Why F-35 Pilots Love the Naval Strike Missile

Kyle Mizokami

Key point: The Navy and Air Force need a way to deter and, if necessary, eliminate enemy ships. This is where F-35s armed with the Naval Strike Missile come in.

The modern age of the missile at sea was arguably kicked off in October 1967, when the Israeli destroyer Eilat, sailing fourteen miles off the coast of Port Said, was ambushed by a pair of Osa-class guided missile boats. The missile boats launched four missiles, three of which hit the ex–Royal Navy destroyer, sinking her and killing forty-seven sailors.

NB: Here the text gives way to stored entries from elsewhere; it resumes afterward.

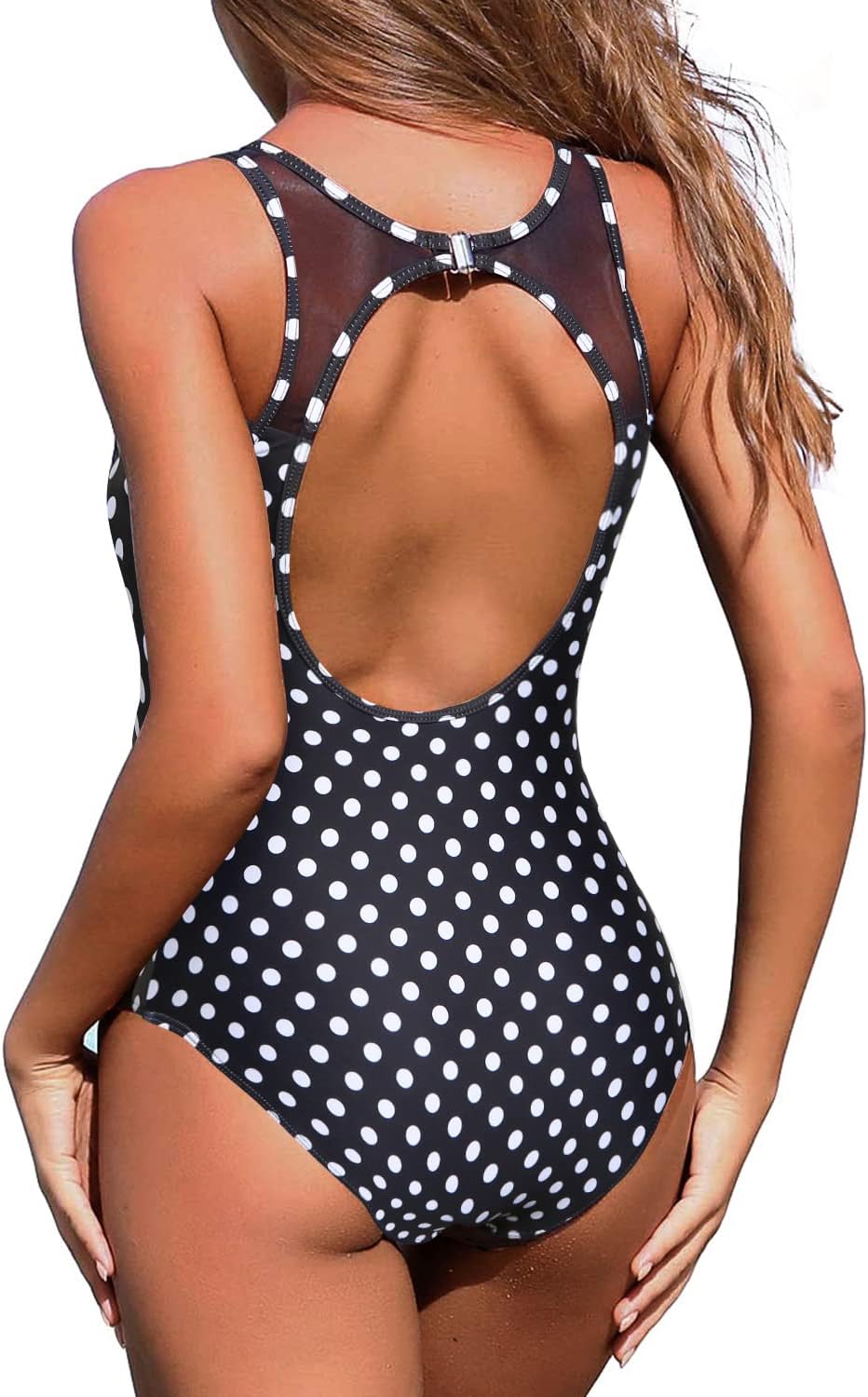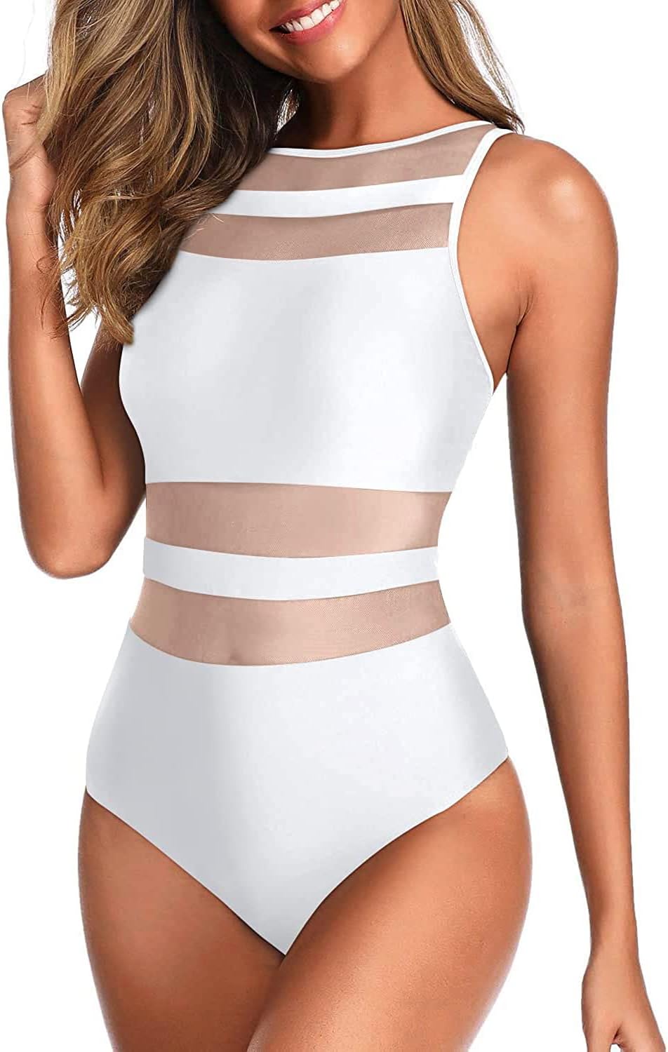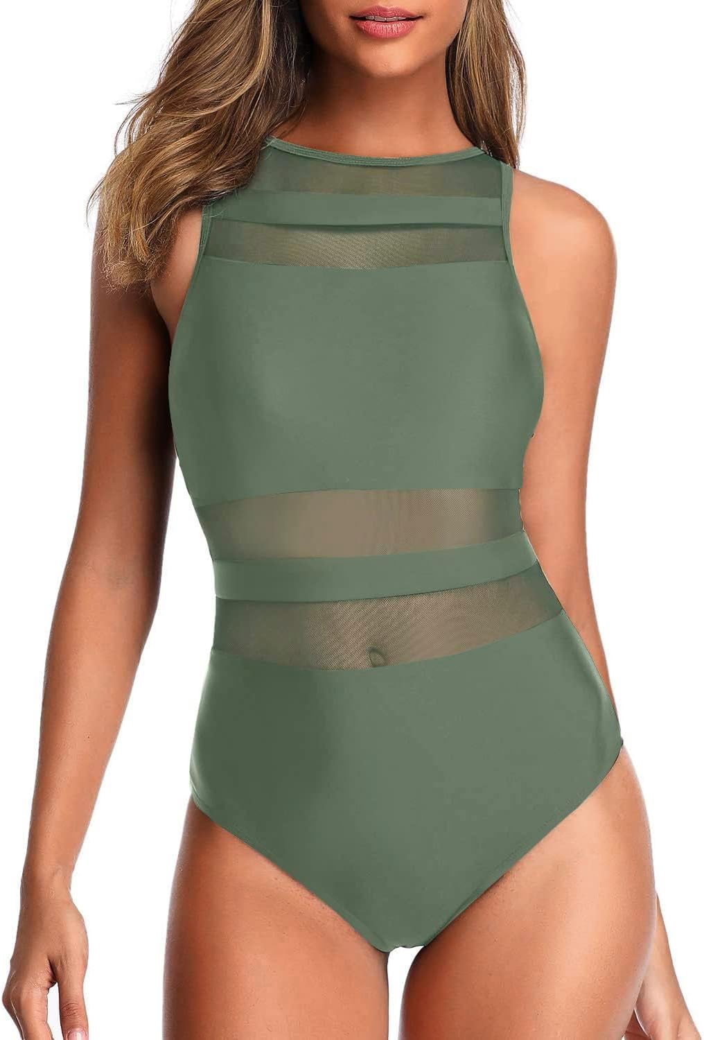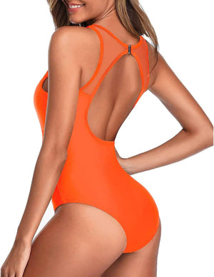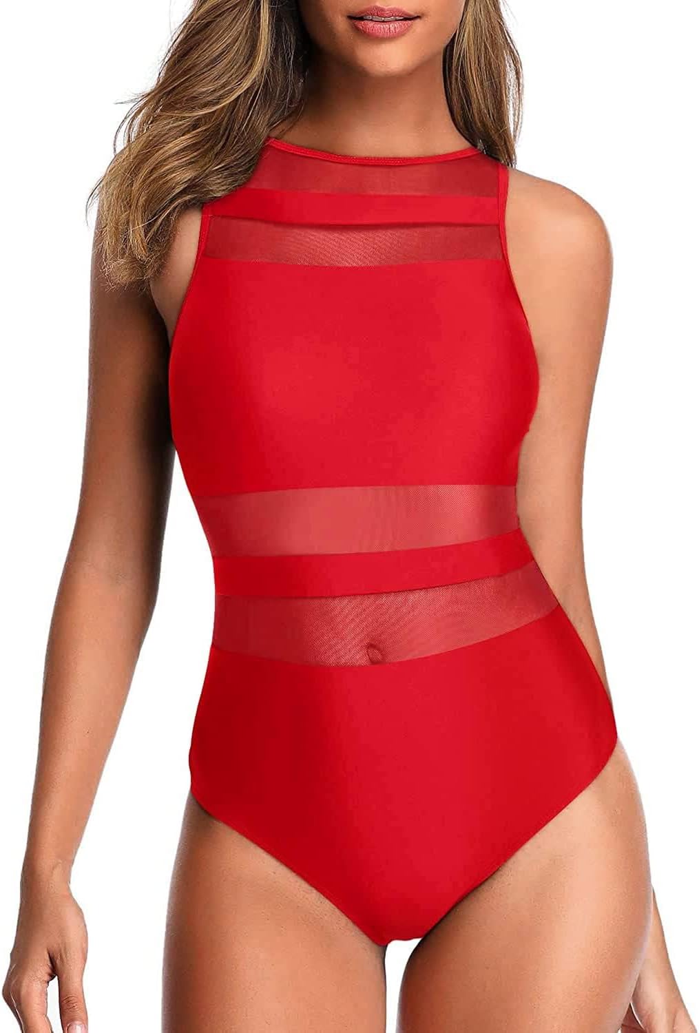Holipick Women High Neck One Piece Swimsuits for Women Mesh Bathing Suits Open Back Swimwear
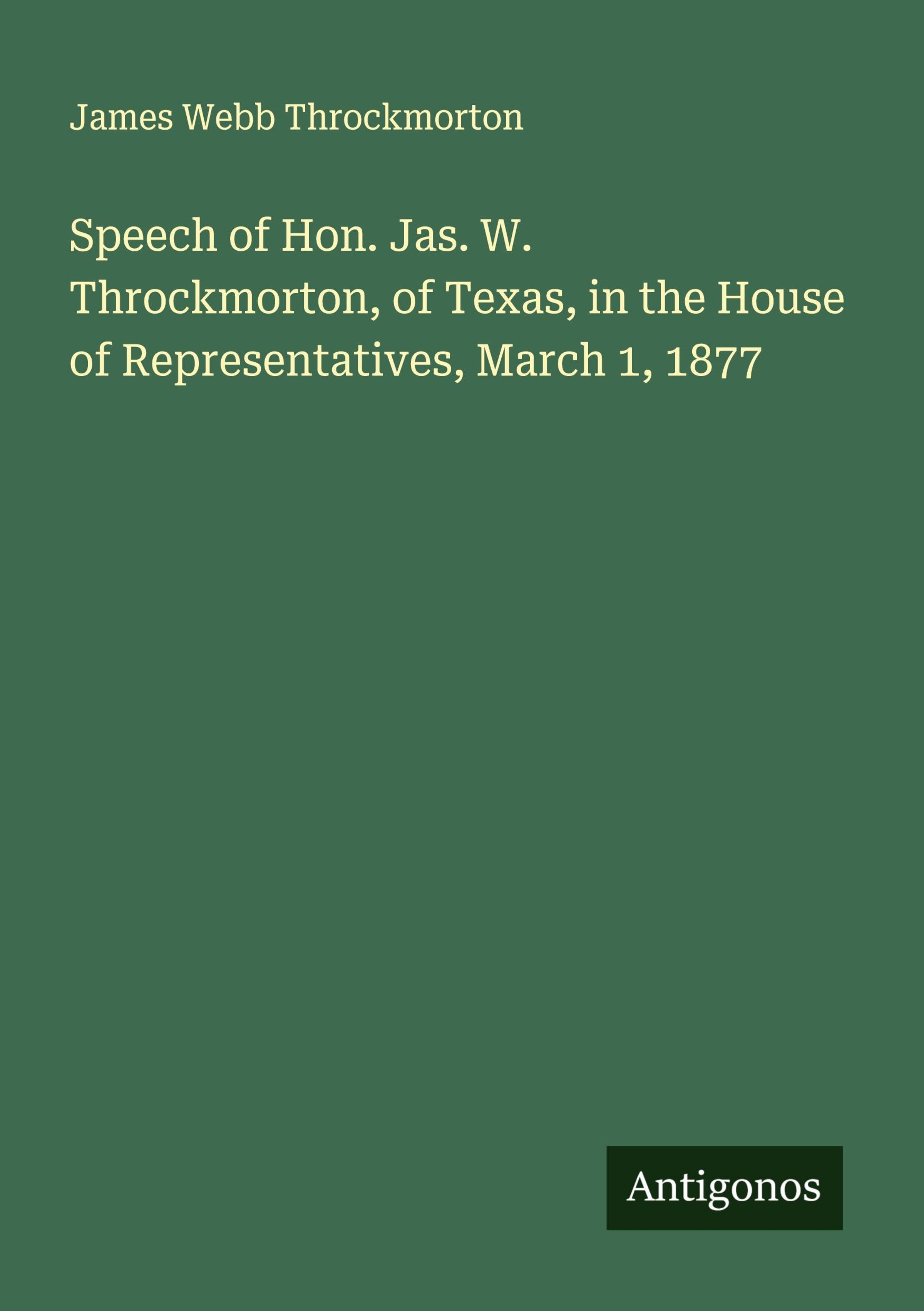 Speech of Hon. Jas. W. Throckmorton, of Texas, in the House of Representatives, March 1, 1877
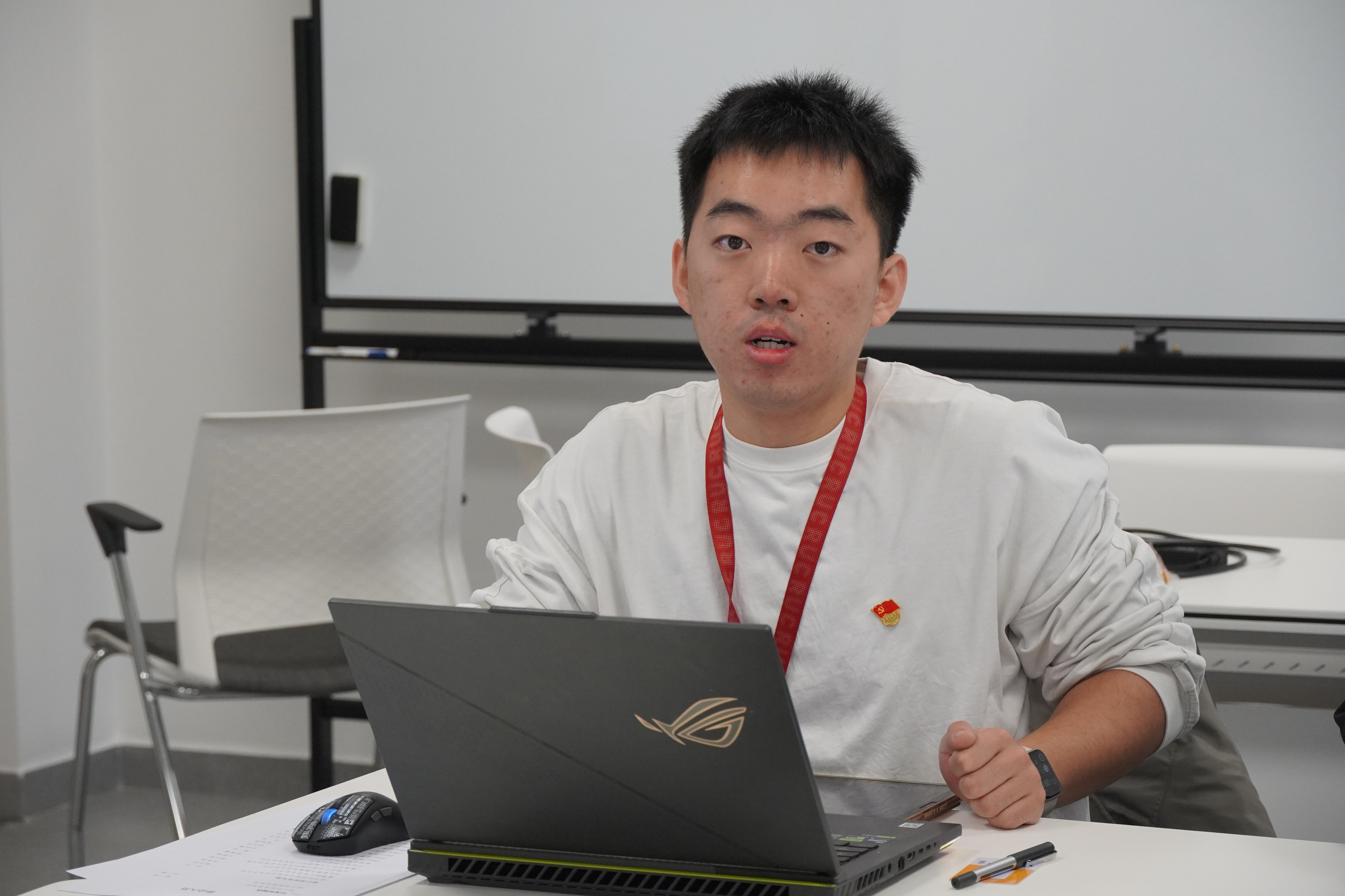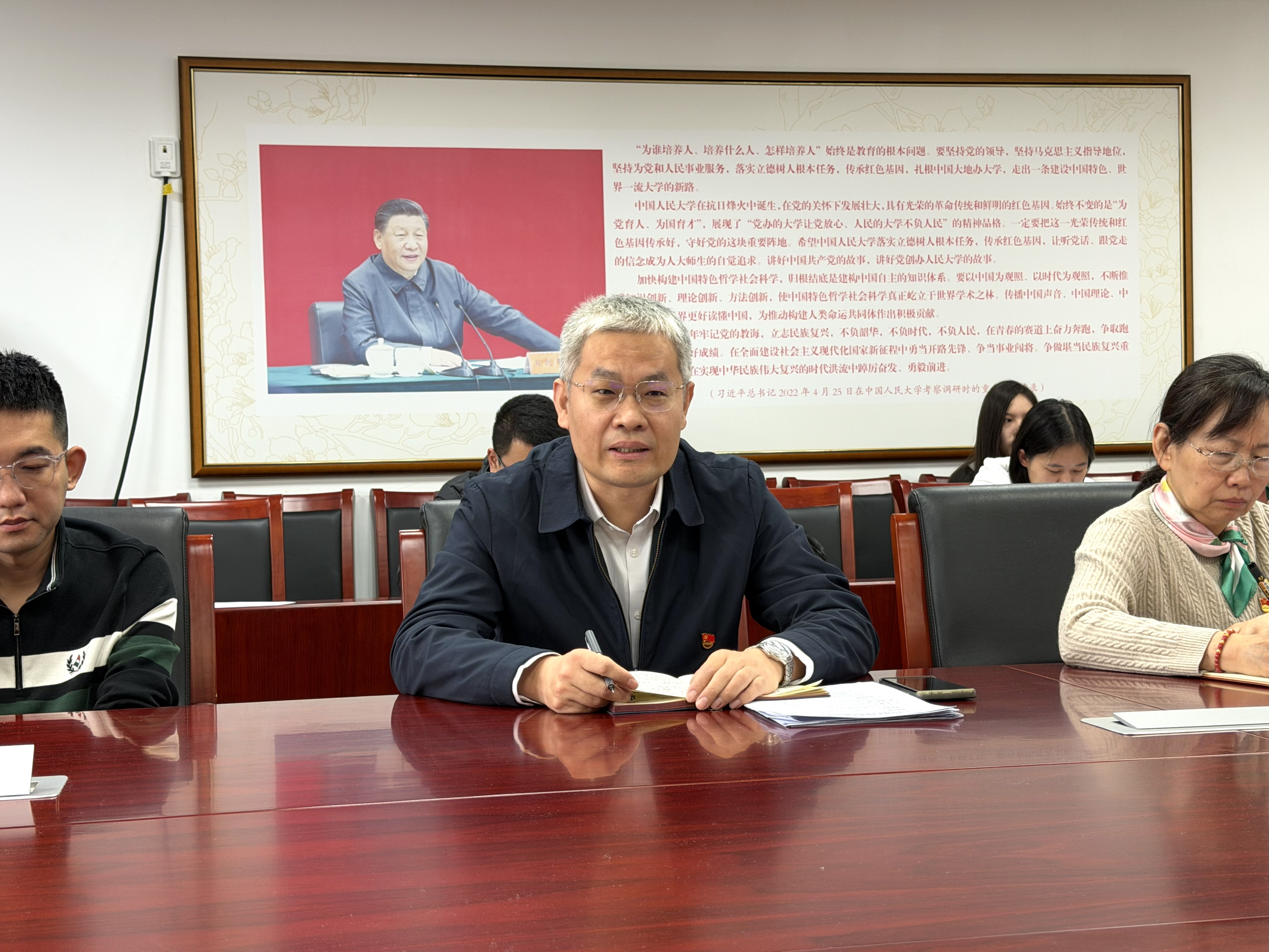 经济社会统计系党支部党员李杰围绕“双创”样板支部申报工作分享经验。他从利用专业方法解读中央重大决策部署背后的理论逻辑、让党建知识服务于国家发展改革实践、常态化开展跨支部联合学习等方面进行了具体深入的交流分享。李杰提出,支部建设要紧扣专业特色,将党建工作与学科优势深度结合,让理论学习“活起来”、让专业优势“实起来”。
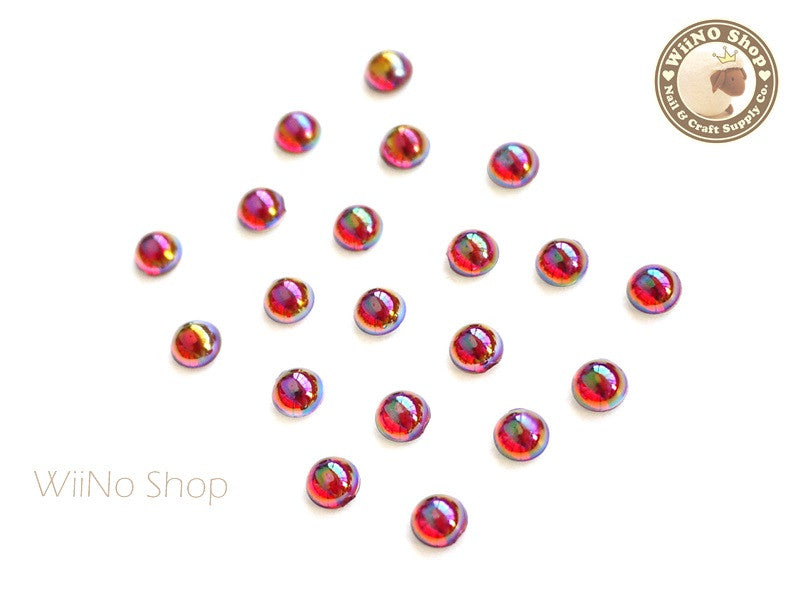 5mm AB Metallic Red Half Round Flat Back Acrylic Cabochon Nail Art - 15 pcs

The sinking of the Eilat was an earthquake in the world of naval warfare, and set off an arms race in the field of antiship missiles. Within ten years all major navies had their own ship-killing missiles, a rivalry that continued until the end of the Cold War. Now, with the Chinese and Russian navies resurgent, many countries (including the United States) are looking to replace their aging antiship missile arsenals with a new, modern design.

One of the newest tactical missile designs around is built by the Norwegian firm Kongsberg. A Russian neighbor with a very long coastline, Norway required a modern missile capable of defending that coastline. The result is the Naval Strike Missile (NSM), a clean-sheet design that Kongsberg describes as “the only fifth generation long range precision strike missile in existence.”

NSM is launched from a helicopter or ship platform by a solid rocket fuel booster that quickly accelerates the missile to cruising speed. Seconds later, the turbojet engine kicks in and the missile continues on to target. NSM has a range of just over one hundred miles.

Unlike supersonic missiles such as the Russian P-800 Oniks, which is capable of Mach 2.5, NSM stays well below supersonic speeds. Kongsberg, according to an industry rep interviewed at the 2013 DSEI show in London, England, believes in “smart missiles, rather than speedy missiles.” This philosophy has created a totally different missile than existing designs. Rather than attempt to overcome enemy defenses with a fast missile, Kongsberg instead made its missile more difficult to detect—and therefore more difficult to shoot down.